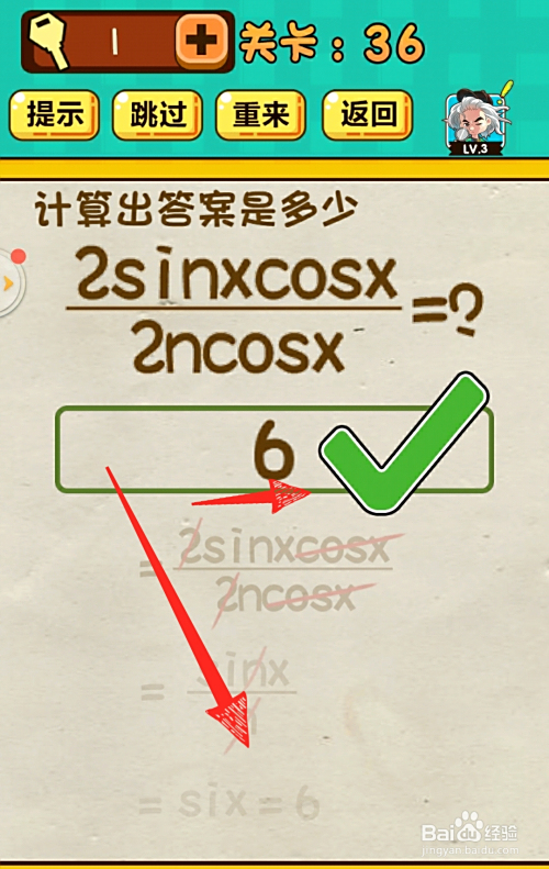 5.最后成果如下图,点击绿色键盘,输入谜底6点击确定,呈现绿色对勾,即可过关。
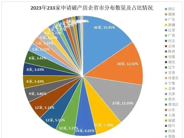 樓市陷入“買不起也賣不掉”的怪圈,既收不回成本也還不起債務,資金鏈斷裂之下唯有破產一條路。2023年全國約有233家房企發布了破產文書,廣東、新疆、浙江、江蘇、湖南五省房企破產數量占總數50%。
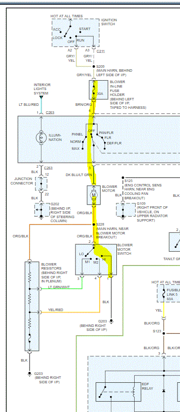 Let me know if this makes sense. LOL You could also check for power to the yellow/red wire and the light green/white wire. When the switch is in the low speed setting, the green/white wire should have power. On medium speed, the yellow/red wire should have power.
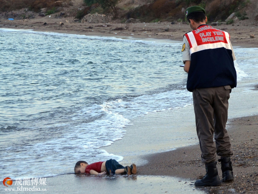 图二:2015年9月2日,一个武警士兵在土耳其南部博德鲁姆海岸边进行现场调查,一个名叫库尔迪的3岁男童躺在那里,脸上早已毫无生气。库尔迪的家人从叙利亚逃出来,坐上了一叶充气式小艇,朝着希腊的科斯岛驶去。不幸的是清晨时分船翻了,他与母亲和哥哥均溺水。
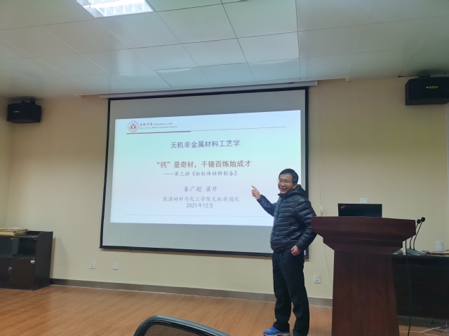 秦广超教授围绕“'钙’是奇才,千锤百炼始成才”为主题展开,讲授《无机非金属材料工艺学》课程思政设计,将教学内容与国家战略需求和粉体材料制备技术以及绿色安全生产融为一体,实现激发学生创新意识和专业兴趣,提升学生专业素养、创新能力和使命感的育人目标。在思考总结中,秦教授将专业知识学习与品质素养培养相结合,提出“德高于才、敬天爱人”的思想,鼓励学生通过自己的“千锤百炼”努力,成为“盖世奇才”。
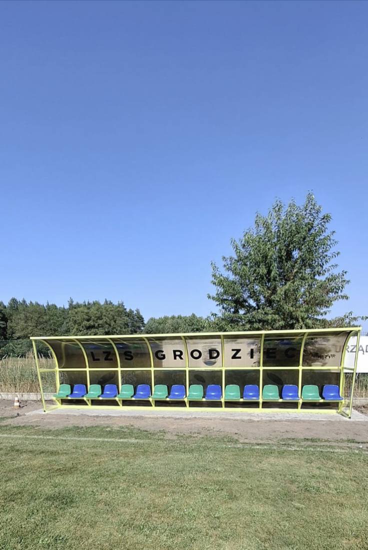 Na Stadionie w Grodźcu pojawiły się nowe wiaty dla zawodników rezerwowych. Prace trwały kilka tygodni – najpierw trzeba było zdemontować stare ławki, przygotować teren i podłoże, a dopiero potem zamontować nowe konstrukcje. Wszystko zgodnie z wymogami licencyjnymi PZPN. Efekt? Komfortowe, estetyczne i gotowe na sportowe emocje! Teraz zawodnicy rezerwowi mogą liczyć na dużo lepsze warunki podczas meczów. Tym samym wymieniliśmy wysłużone ławki rezerwowych na wszystkich naszych stadionach.
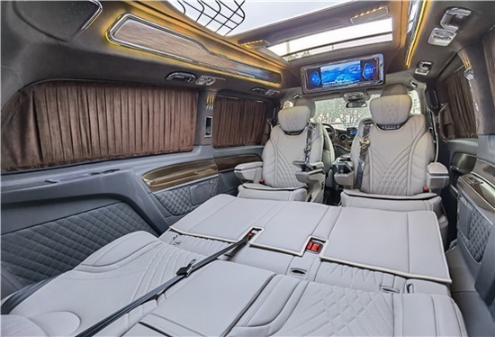 V260L版以下是贵宾舱二个总裁座椅,这二个座椅具有记忆功能,何为记忆功能呢?就是一键展开及一键收回,这个座椅是根据人体工程学设计而成,能一键式找到您身体最舒适的角度。在总裁座椅双侧有两个隐藏式桌板。总裁座椅中间有个热感电子触摸屏幕可控制后舱设备,屏幕下方有个“语音控制系统”也可控制整个贵宾舱的设备。奔驰V260在内部装潢上也进行升级,车体提供真皮、Alcantara以及木材和碳纤维多种材质可供选择。而MPV车型看中的合金踏板、合金门把手以及内装台板等这款车都有所配备。科技配置还有AppleTV、两个独立15.6英寸显示屏、蓝光播放器以及DVB-T信号接收系统等。

What this task involves
Word-for-word output of every record is needed, with images omitted.

Answer below
 5.最后成果如下图,点击绿色键盘,输入谜底6点击确定,呈现绿色对勾,即可过关。
 樓市陷入“買不起也賣不掉”的怪圈,既收不回成本也還不起債務,資金鏈斷裂之下唯有破產一條路。2023年全國約有233家房企發布了破產文書,廣東、新疆、浙江、江蘇、湖南五省房企破產數量占總數50%。
 Let me know if this makes sense. LOL You could also check for power to the yellow/red wire and the light green/white wire. When the switch is in the low speed setting, the green/white wire should have power. On medium speed, the yellow/red wire should have power.
 图二:2015年9月2日,一个武警士兵在土耳其南部博德鲁姆海岸边进行现场调查,一个名叫库尔迪的3岁男童躺在那里,脸上早已毫无生气。库尔迪的家人从叙利亚逃出来,坐上了一叶充气式小艇,朝着希腊的科斯岛驶去。不幸的是清晨时分船翻了,他与母亲和哥哥均溺水。
 秦广超教授围绕“'钙’是奇才,千锤百炼始成才”为主题展开,讲授《无机非金属材料工艺学》课程思政设计,将教学内容与国家战略需求和粉体材料制备技术以及绿色安全生产融为一体,实现激发学生创新意识和专业兴趣,提升学生专业素养、创新能力和使命感的育人目标。在思考总结中,秦教授将专业知识学习与品质素养培养相结合,提出“德高于才、敬天爱人”的思想,鼓励学生通过自己的“千锤百炼”努力,成为“盖世奇才”。
 Na Stadionie w Grodźcu pojawiły się nowe wiaty dla zawodników rezerwowych. Prace trwały kilka tygodni – najpierw trzeba było zdemontować stare ławki, przygotować teren i podłoże, a dopiero potem zamontować nowe konstrukcje. Wszystko zgodnie z wymogami licencyjnymi PZPN. Efekt? Komfortowe, estetyczne i gotowe na sportowe emocje! Teraz zawodnicy rezerwowi mogą liczyć na dużo lepsze warunki podczas meczów. Tym samym wymieniliśmy wysłużone ławki rezerwowych na wszystkich naszych stadionach.
 V260L版以下是贵宾舱二个总裁座椅,这二个座椅具有记忆功能,何为记忆功能呢?就是一键展开及一键收回,这个座椅是根据人体工程学设计而成,能一键式找到您身体最舒适的角度。在总裁座椅双侧有两个隐藏式桌板。总裁座椅中间有个热感电子触摸屏幕可控制后舱设备,屏幕下方有个“语音控制系统”也可控制整个贵宾舱的设备。奔驰V260在内部装潢上也进行升级,车体提供真皮、Alcantara以及木材和碳纤维多种材质可供选择。而MPV车型看中的合金踏板、合金门把手以及内装台板等这款车都有所配备。科技配置还有AppleTV、两个独立15.6英寸显示屏、蓝光播放器以及DVB-T信号接收系统等。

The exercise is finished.